**EXTRACTED MATERIAL**.
■ ■ ■ ■

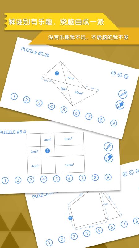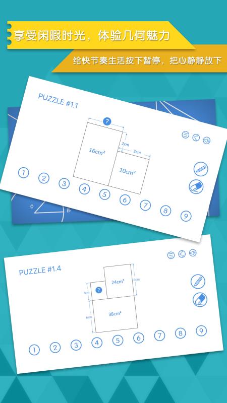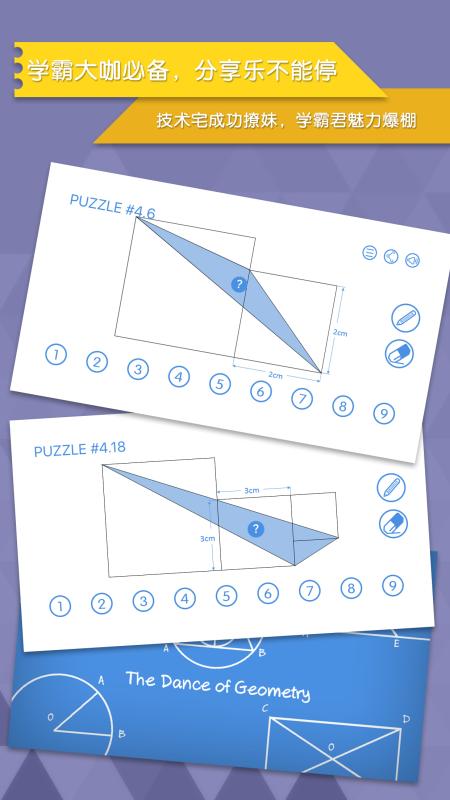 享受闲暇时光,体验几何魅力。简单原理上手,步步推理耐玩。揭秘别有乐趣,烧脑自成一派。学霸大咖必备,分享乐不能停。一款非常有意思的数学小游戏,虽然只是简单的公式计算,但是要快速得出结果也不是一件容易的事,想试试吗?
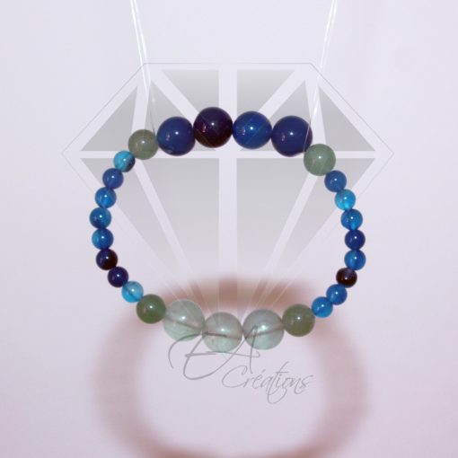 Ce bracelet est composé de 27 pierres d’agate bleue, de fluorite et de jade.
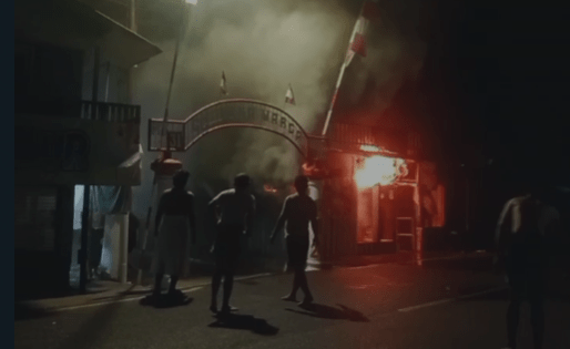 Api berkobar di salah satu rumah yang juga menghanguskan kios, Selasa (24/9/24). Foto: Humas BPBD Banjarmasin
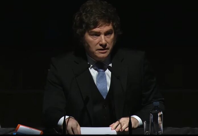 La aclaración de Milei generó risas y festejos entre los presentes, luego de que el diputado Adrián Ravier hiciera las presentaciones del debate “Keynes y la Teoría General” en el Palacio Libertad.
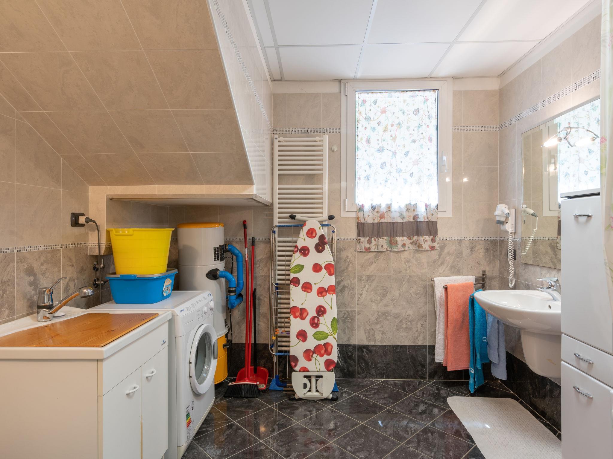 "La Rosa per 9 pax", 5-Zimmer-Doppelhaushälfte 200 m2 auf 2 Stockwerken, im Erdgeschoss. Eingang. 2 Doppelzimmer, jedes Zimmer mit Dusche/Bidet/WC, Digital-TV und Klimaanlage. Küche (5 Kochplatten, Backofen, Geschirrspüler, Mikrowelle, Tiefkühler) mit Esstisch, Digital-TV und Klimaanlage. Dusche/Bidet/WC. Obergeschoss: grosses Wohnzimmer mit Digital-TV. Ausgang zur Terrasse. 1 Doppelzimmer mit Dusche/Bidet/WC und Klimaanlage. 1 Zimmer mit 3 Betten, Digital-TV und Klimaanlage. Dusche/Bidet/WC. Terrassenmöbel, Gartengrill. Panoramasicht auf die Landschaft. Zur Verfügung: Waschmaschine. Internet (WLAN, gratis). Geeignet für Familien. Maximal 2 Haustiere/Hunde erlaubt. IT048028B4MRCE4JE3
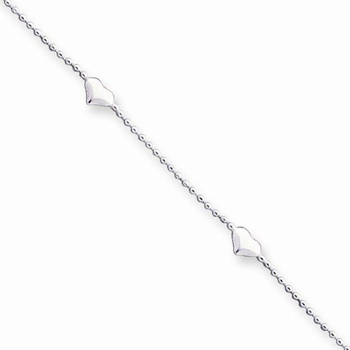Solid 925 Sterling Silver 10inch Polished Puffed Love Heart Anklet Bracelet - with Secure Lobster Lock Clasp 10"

■ ■ ■ ■

**EXERCISE**. The copy must start at the line containing "Haustiere/Hunde erlaubt. IT048028B4MRCE4JE3" and end at the last line of the data, matching each line exactly. It must hold no pictures.

**RESPONSE BOX**.
 "La Rosa per 9 pax", 5-Zimmer-Doppelhaushälfte 200 m2 auf 2 Stockwerken, im Erdgeschoss. Eingang. 2 Doppelzimmer, jedes Zimmer mit Dusche/Bidet/WC, Digital-TV und Klimaanlage. Küche (5 Kochplatten, Backofen, Geschirrspüler, Mikrowelle, Tiefkühler) mit Esstisch, Digital-TV und Klimaanlage. Dusche/Bidet/WC. Obergeschoss: grosses Wohnzimmer mit Digital-TV. Ausgang zur Terrasse. 1 Doppelzimmer mit Dusche/Bidet/WC und Klimaanlage. 1 Zimmer mit 3 Betten, Digital-TV und Klimaanlage. Dusche/Bidet/WC. Terrassenmöbel, Gartengrill. Panoramasicht auf die Landschaft. Zur Verfügung: Waschmaschine. Internet (WLAN, gratis). Geeignet für Familien. Maximal 2 Haustiere/Hunde erlaubt. IT048028B4MRCE4JE3
Solid 925 Sterling Silver 10inch Polished Puffed Love Heart Anklet Bracelet - with Secure Lobster Lock Clasp 10"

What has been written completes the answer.